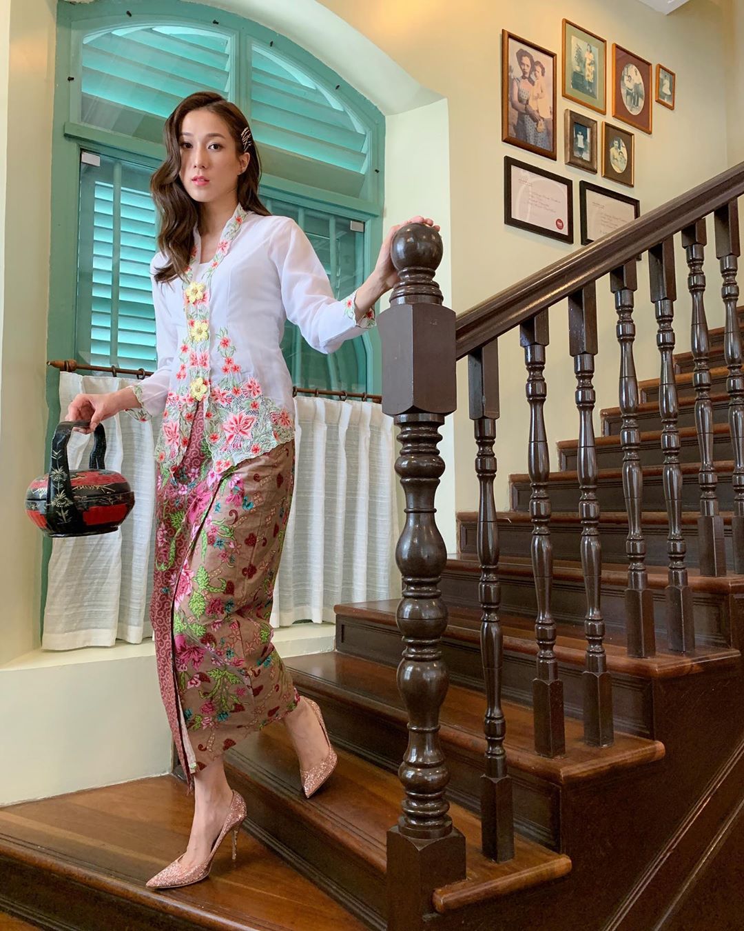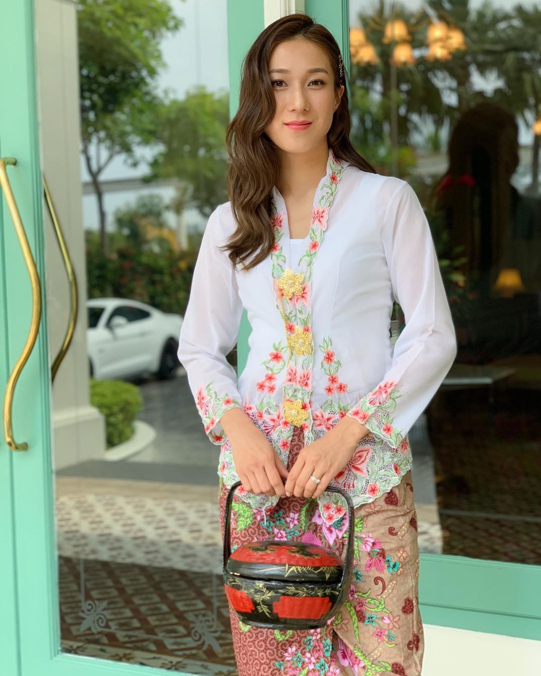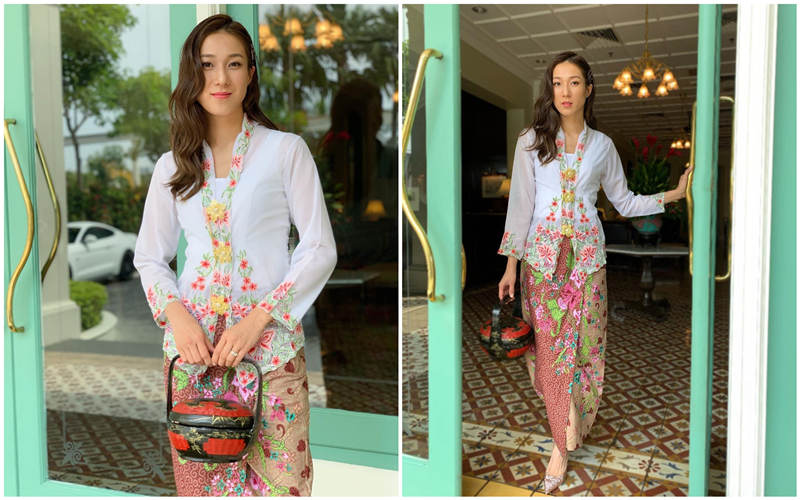 鐘嘉欣雖然已經係兩個細路嘅媽咪,但著上馬來西亞傳統服飾,喺貼身長裙襯托下,身材玲瓏浮凸,網民都留言大贊好靚。
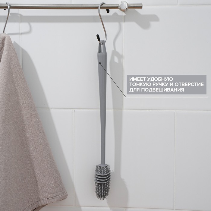 - Ёршик имеет удобную тонкую ручку и отверстие для подвешивания, можно хранить в подвешенном положении.
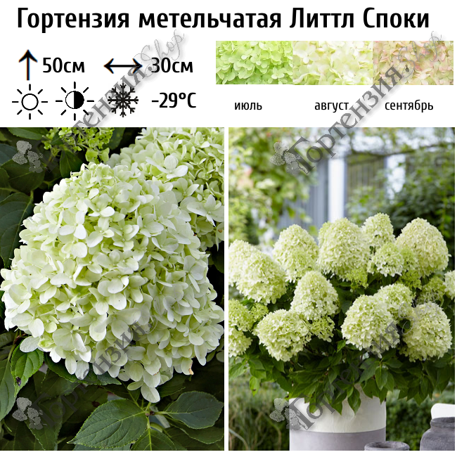 Гортензия метельчатая Литтл Споки (Little Spooky) - малышка, высотой до 50 см, и шириной кроны в пределах 30 см.Гортензия Little Spooky выделяется своими крупными метельчатыми соцветиями, достигающими до 25 см в длину. В начале цветения они имеют белый цвет, который со временем приобретает нежные розовые и лиловые оттенки.Цветение начинается в июле и продолжается до конца осени, обеспечивая длительный период наслаждения красотой этого растения.
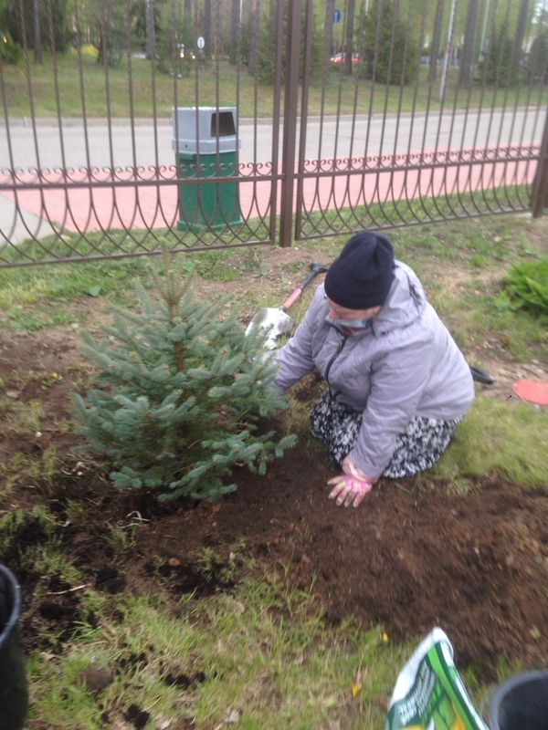 Надеемся, что хорошо приживется и будет радовать всех голубая ель. Посажена верба. Жаль, что удалось найти только один саженец. Если кто-то знает, где можно взять еще саженец вербы или может поделиться, будем благодарны.

_About this exercise_
Would you please reproduce verbatim the run of lines that opens the listing and ends with the line holding "- Ёршик имеет", and only that run, leaving every picture out?

_Task answer_
 鐘嘉欣雖然已經係兩個細路嘅媽咪,但著上馬來西亞傳統服飾,喺貼身長裙襯托下,身材玲瓏浮凸,網民都留言大贊好靚。
 - Ёршик имеет удобную тонкую ручку и отверстие для подвешивания, можно хранить в подвешенном положении.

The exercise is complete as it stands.